The Dallas Morning News – May 3, 2009
In September 2003, Harper's magazine ran a "Harper's Index" item
that read: "Estimated acres of forest Henry David Thoreau burned
down in 1844 trying to cook fish he had caught for dinner: 300."
That line became the seed for Austinite John Pipkin's wonderful
debut novel, Woods Burner, which recounts the day of the fire from
the perspective of Thoreau and the members of the community who come
together to battle the conflagration, one that threatened to raze
Concord... the story is infused with moments of genuine drama, peril
and suspense. Woods Burner is edifying, engaging and satisfying, an
exemplary illustration of how fiction can illuminate the past, bring
history to life and make it feel as fresh and relevant as the
present day.
-- Edward Nawotka
Amazon.com – May 1, 2009
Best of the Month, May 2009: The early American tree-hugger and
pioneering thinker Henry David Thoreau did a bad, bad thing back on
April 30, 1844. A year before he settled into the “simple life” at
Walden Pond, he struck a match to start a cooking fire in the dry
woods around Concord, Massachusetts and accidentally ignited a
forest fire that consumed 300 acres. The events of that chaotic day
appear to have altered the course of Thoreau’s life and American
history. More recently, this historical footnote sparked the
creation of Woodsburner, a terrific debut novel from John Pipkin.

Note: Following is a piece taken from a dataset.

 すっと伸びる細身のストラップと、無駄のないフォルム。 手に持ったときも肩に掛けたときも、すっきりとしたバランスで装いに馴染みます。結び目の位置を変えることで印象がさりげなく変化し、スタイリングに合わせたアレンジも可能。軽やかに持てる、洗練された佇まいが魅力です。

Woodsburner offers a nuanced portrait of a young and less
recognizable Thoreau, whose philosophy begins to materialize as the
flames lay waste. The talented Pipkin simultaneously presents a
vivid picture of mid-19th century New England on the cusp of
unstoppable change through a cast of characters: a sadistic and
misguided preacher, a desperate bookseller, and an isolated
immigrant laborer harboring painful secrets. Their lives are forever
changed by the fire which serves as a powerful metaphor for the
destructive passions that consume us, as well as the eternal
struggles between human society and the natural world.
-- Lauren Nemroff
Minneapolis Star Tribune – May 1, 2009
Pipkin's research into the event and the era seems impeccable.

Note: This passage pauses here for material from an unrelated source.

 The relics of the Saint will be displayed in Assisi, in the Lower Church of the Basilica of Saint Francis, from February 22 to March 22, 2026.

The book is rife with interesting historical trivia: how lead
pencils were made, the proper use of a mulling poker, how raw coffee
beans were roasted. And the author's language nicely captures the
tone and diction of 19th-century American English. ...This is an
ambitious and complex fiction... ...Pipkin's "Woodsburner" is an
impressive debut.
-- Gordon Weaver
The Austin Chronicle - May 1, 2009
"...the America that Pipkin paints is a unique one: a nation
founded on freedom and citizens that find ways to shackle themselves
or are confounded by the myriad options that America's seemingly
unlimited resources engendered."
-- James Renovitch
Washington Post – April 22, 2009
The ingenious nature of this structure grows clearer with each
haunting chapter. The fire that "flows like brilliant liquid"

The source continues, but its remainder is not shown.